*** Opening Data for the task ***

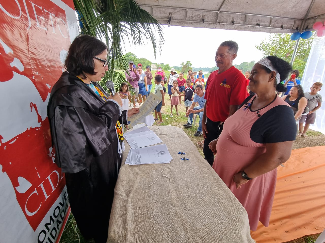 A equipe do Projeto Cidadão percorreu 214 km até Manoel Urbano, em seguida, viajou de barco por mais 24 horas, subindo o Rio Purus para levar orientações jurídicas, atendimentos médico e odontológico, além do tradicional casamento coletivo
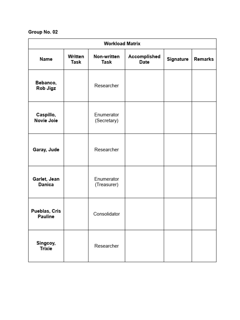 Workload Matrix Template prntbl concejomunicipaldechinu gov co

*** Closing Data for the task ***
*** Opening Data for the task ***

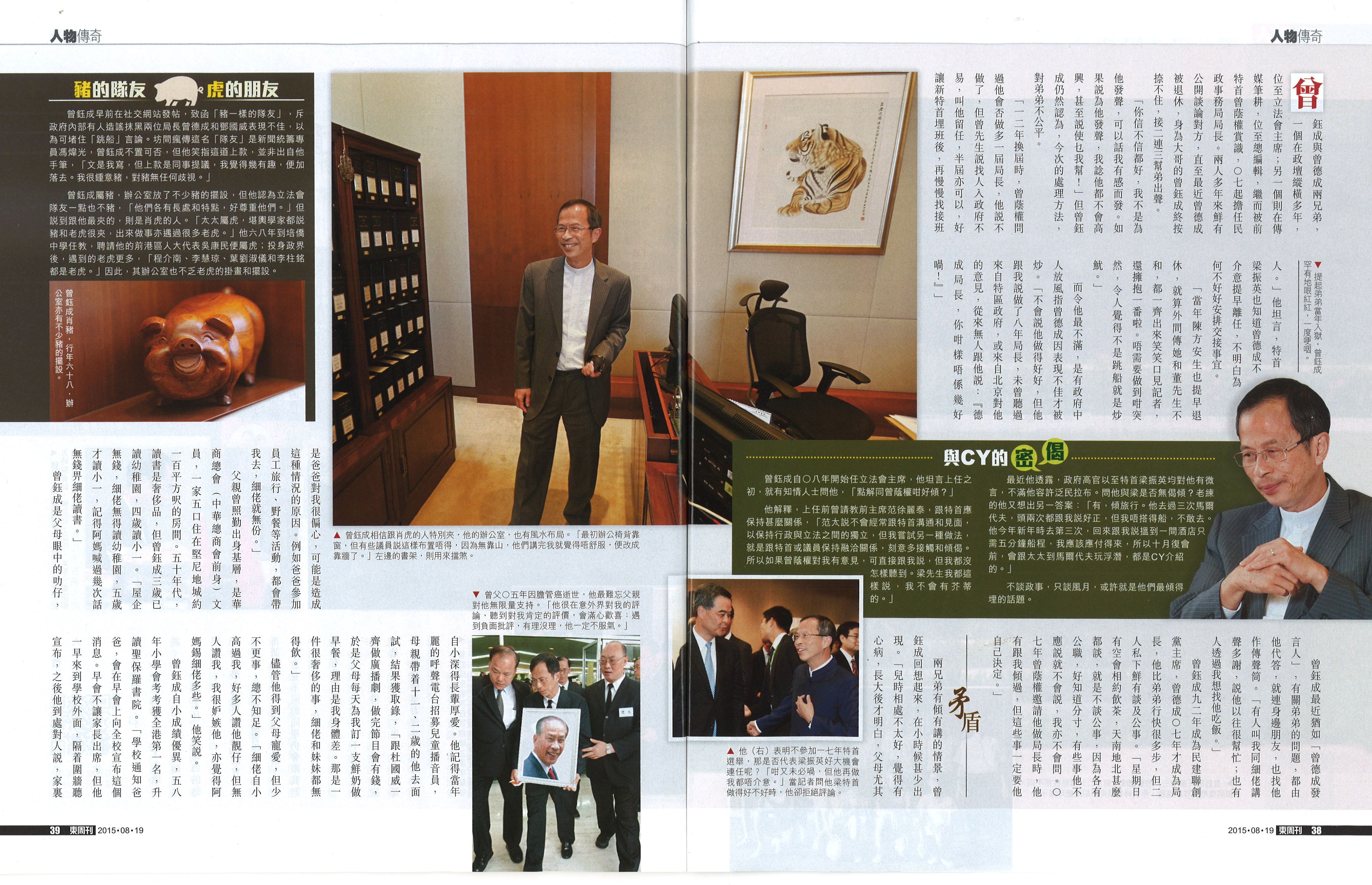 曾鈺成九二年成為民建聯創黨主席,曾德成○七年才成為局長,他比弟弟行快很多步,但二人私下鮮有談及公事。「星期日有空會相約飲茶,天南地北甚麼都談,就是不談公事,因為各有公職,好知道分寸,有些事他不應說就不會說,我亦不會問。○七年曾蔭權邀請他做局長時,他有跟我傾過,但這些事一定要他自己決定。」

*** Closing Data for the task ***

▸ Exercise requirements: The stretch above running from the line with "A equipe do" through the line with "Workload Matrix Template" is all you should copy, exactly, leaving out the pictures.

▸ Your solution:
 A equipe do Projeto Cidadão percorreu 214 km até Manoel Urbano, em seguida, viajou de barco por mais 24 horas, subindo o Rio Purus para levar orientações jurídicas, atendimentos médico e odontológico, além do tradicional casamento coletivo
 Workload Matrix Template prntbl concejomunicipaldechinu gov co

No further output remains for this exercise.